IoT botnets and DDoS attacks have prominent lawmakers asking government agencies some probing questions about what can be done.
Sen. Mark Warner (D-VA) on Tuesday sent a letter to the Federal Communications Commission—as well as the Federal Trade Commission and Homeland Security—querying among other things whether ISPs have a legal standing to boot insecure connected devices from their networks. Warner wrote:
“Under the Federal Communications Commission’s (FCC’s) Open Internet rules, ISPs cannot prohibit the attachment of “non-harmful devices” to their networks. It seems entirely reasonable to conclude under the present circumstances, however, that devices with certain insecure attributes could be deemed harmful to the “network” – whether the ISP’s own network or the networks to which it is connected. While remaining vigilant to ensure that such prohibitions do not serve as a pretext for anticompetitive or exclusionary behavior, I would encourage regulators to provide greater clarity to internet service providers in this area.”
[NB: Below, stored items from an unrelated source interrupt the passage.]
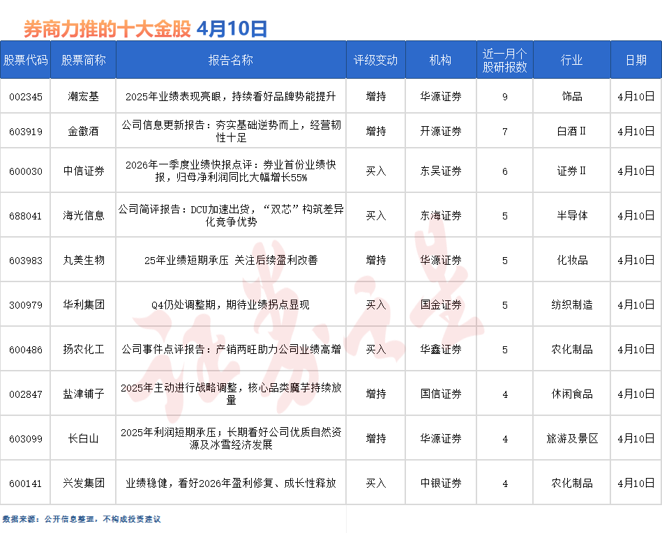 潮宏基最受券商关注,近一个月获中邮证券、山西证券、万联证券、国元证券、海通国际、东吴证券等9份券商研报关注,位居4月10日券商力推股榜首。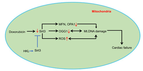 In summary, our results suggest that doxorubicin-induced toxicity to the heart is associated with reduced SIRT3 levels. HKL, an activator of SIRT3 can mitigate Doxo-induced cardiotoxicity by maintaining SIRT3 levels, and attenuating Doxo-induced mtDNA damage. Based on our results we believe that HKL has the potential to protect the heart from Doxo-induced toxicity without compromising its chemotherapeutic potential.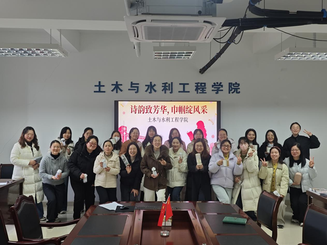 芳菲三月,巾帼绽风采。为庆祝第116个“三八”国际劳动妇女节,3月4日下午,土木与水利工程学院分工会在学院418会议室举办“诗韵致芳华,巾帼绽风采”主题庆祝活动。学院党委书记张兆亮、院长戚晓明、分工会主席宋丹丹与学院全体女教职工齐聚一堂,共庆佳节、共话芳华。

Last Friday’s DDoS attack against DNS provider Dyn was the final straw after a stretch of similar attacks in which connected things were amassed in giant botnets to flood targets with an overwhelming amount of traffic.
Warner, right, who heads the Senate Cybersecurity Caucus, called out the Mirai malware in particular as weapon of choice used by hackers to gather IP-enabled cameras, DVRs and home networking gear into botnets.
“Mirai’s efficacy depends, in large part, on the unacceptably low level of security inherent in a vast array of network devices,” Warner wrote in his letter to FCC Chairman Tom Wheeler.
Mirai scans the Internet for connected devices and uses a hardcoded array of weak or known default credentials to access the devices, compromise them and force them to communicate with a dynamic command and control infrastructure. Mirai, experts believe, was not the only botnet involved in Friday’s attacks, which impacted Internet service on the East Coast and left sites such as Twitter, Reddit, Netflix and others unreachable during different times during the day.
“The weak security of many of the new connected consumer devices provides an attractive target for attackers, leveraging the bandwidth and processing power of millions of devices, many of them with few privacy or security measures, to swamp internet sites and servers with an overwhelming volume of traffic,” Warner said. “I am interested in a range of expert opinions and meaningful action on new and improved tools to better protect American consumers, manufacturers, retailers, Internet sites and service providers.”
The Mirai malware has made short work of Chinese manufacturer Hangzhou Xiongmai’s gear; many of the bots it has recruited were built with white-label circuit boards from the company that contain a known default credential that was found among the malware’s hardcoded credentials. The company has recalled the equipment and reminded users to change the default credentials and apply an April 2015 firmware update that closed off an open telnet port.
“Because the producers of these insecure IoT devices currently are insulated from any standards requirements, market feedback, or liability concerns, I am deeply concerned that we are witnessing a ‘tragedy of the commons’ threat to the continued functioning of the internet, as the security so vital to all internet users remains the responsibility of none,” Warner wrote. “Further, buyers have little recourse when, despite their best efforts, security failures occur.”
Warner concluded his letter with a list of nine questions he wants answered from Wheeler, as well as the FTC and DHS. The first and most prominent query the chairman made was about network management practices ISPs have available to them to respond to DDoS attacks and whether Mirai qualifies to warrant a response from ISPs and deny them access to the public network.
Yesterday, researchers at Flashpoint said that with “moderate confidence” they believe that script kiddies were behind Friday’s DDoS attack, rather than a politically motivated entity. That conclusion was echoed by Director of National Intelligence James Clapper during testimony Tuesday at the Council on Foreign Relations.
Flashpoint said it believes the attackers are related to the Hackforums community where the Mirai malware’s source code was made public. Further supporting its claim, Flashpoint said the infrastructure used in Friday’s DDoS attack was also used to target a well-known and unnamed video game company.
“While there does not appear to have been any disruption of service, the targeting of a video game company is less indicative of hacktivists, state-actors, or social justice communities, and aligns more with the hackers that frequent online hacking forums,” Flashpoint director of security research Allison Nixon said, adding that the script kiddies likely involved in the attack are less motivated by financial or political gain, and more by notoriety, or to “cause disruption and chaos for sport.”